Environmental exposure – intoxications (poisonings).

Other causes

  • Barrier disorder – another hypothesis is that there may be a barrier disorder between the intestinal lumen and the organism in some Crohn’s disease patients. This allows intestinal bacteria to invade the intestinal wall and cause inflammation (gastrointestinal infections), further damaging the intestinal wall.

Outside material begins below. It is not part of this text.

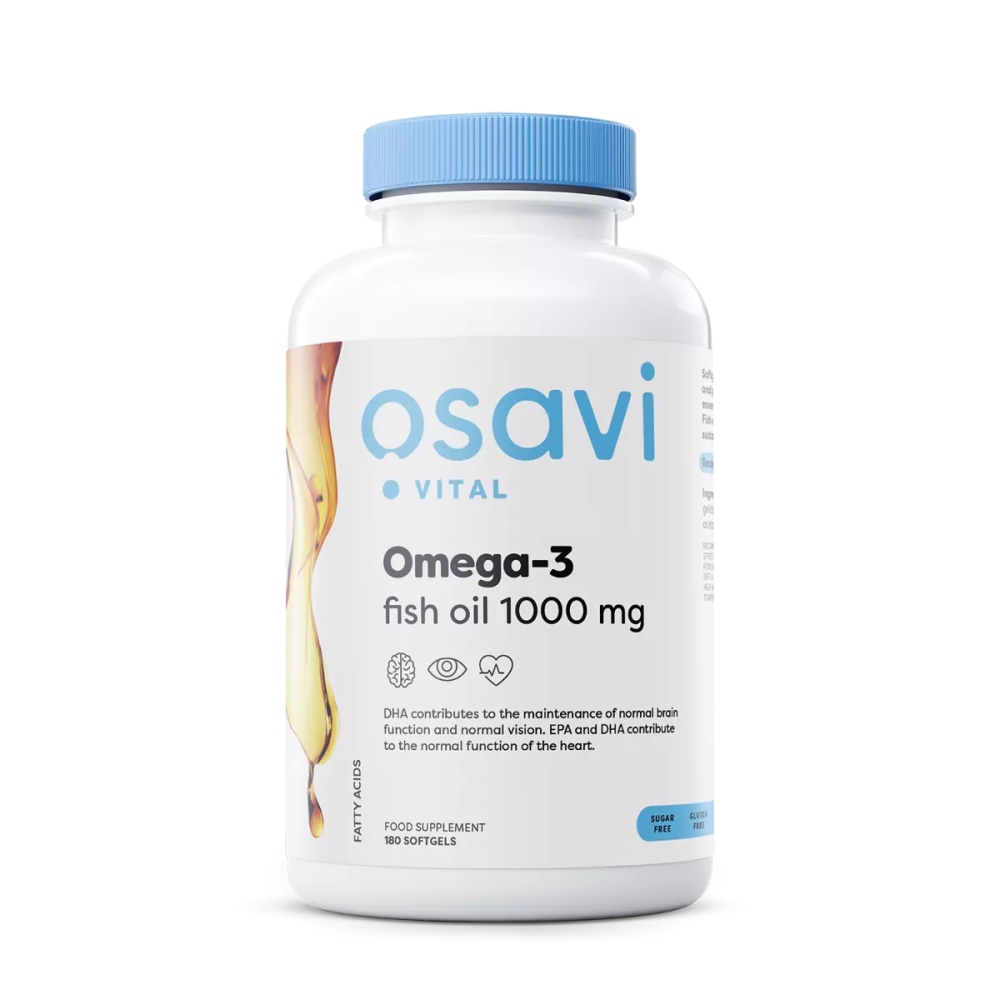 Are you looking for a way to improve brain function? Or do you want to take care of the proper functioning of your heart or eyes? Omega-3 fatty acids can help you take care of your body comprehensively. Reach for fish oil and see for yourself the benefits you can feel and notice. Fish oil is a source of omega-3 fatty acids and refers to two types of fatty acids: eicosapentaenoic acid (EPA) and docosahexaenoic acid (DHA). They are mainly found in fish, and in smaller quantities in other animal products or phytoplankton. They are important for the optimal functioning of individual systems. Omega-3 plays a structural role in the body - it is a component of phospholipids, which form the structures of cell membranes. DHA is found, among others, in the retina and brain. These acids also indirectly affect functions in the cardiovascular, respiratory, endocrine and immune systems [1]. Docosahexaenoic acid (DHA) contributes to the maintenance of optimal brain function and also has an impact on normal vision. It is thought that omega-3 fatty acids may protect against neurodegeneration in the elderly and reduce the risk of cognitive decline [1, 2]. Low intake of these acids may contribute to mood and psychotic disorders, among others [9]. Studies have shown that they are a valuable support for the visual organ in people working at a computer. They have a positive effect on the condition of the eyes, helping to reduce dryness [3]. It has also been shown that omega-3 intake helps the heart and circulatory system to work properly [4]. These acids contribute to lowering triglyceride levels, which may have a role in reducing the risk of cardiovascular disease [5]. Omega-3s are essential fatty acids and must therefore be provided with the diet. They are divided into ALA, i.e. α-linolenic acid (found e.g. in flaxseed oil, soybean oil, rapeseed oil and olive oil), and EPA (eicosapentaenoic acid) and DHA (docosahexaenoic acid), whose sources are fatty fish (e.g. salmon, mackerel, tuna, herring and sardines). EPA and DHA are bioactive forms - in order for the body to utilise ALA, it must be converted to EPA and DHA. However, this conversion is limited [1, 10]. Food supplements containing fish oil can be helpful in taking care of the body's optimal performance. The Osavi product is a specially formulated omega-3 fatty acid concentrate derived from the oil of pelagic fish (anchovies) from sustainable fisheries in the Pacific Ocean. The supplement is produced and tested according to the GOED (World EPA and DHA Omega-3 Organisation) monograph, and the oil used in its production is certified Friend of the Sea. There are 1,000 mg of purified fish oil per capsule and 2,000 mg of oil in the recommended daily serving (2 capsules), including min. 700 mg of omega-3 fatty acids.The product has a high content of EPA (min. 360 mg) and DHA (min. 240 mg). Omega-3 fish oil 1000 mg is a supplement in soft capsule form providing the essential fatty acids EPA and DHA. |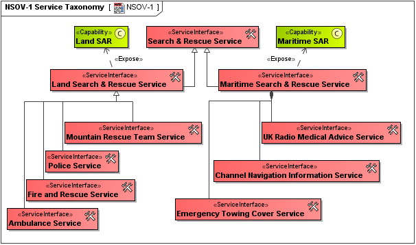 NSOV-1 is a service taxonomy, describing a specialization hierarchy of services (note these are classes of services, rather than the service implementations). There is no prescribed representation for this view, other than the ability to show multiple inheritances. The view may optionally show properties (for example, service availability) and constraints on those properties, though this is covered in detail in NSOV-2.

  • Cytokines are produced by all cells in the intestinal wall, act on the mucosal immune system, and – by promoting inflammatory processes – are significantly involved in clinical symptoms, such as fibrosis development, edema, fever, weight loss, as well as underweight. Cytokines activate neutrophil granulocytes, which subsequently migrate from the capillary region and enter the intestinal wall in high numbers. There they release increased eicosanoids (inflammatory mediators), damage the intestinal mucosa and increase the risk of infection.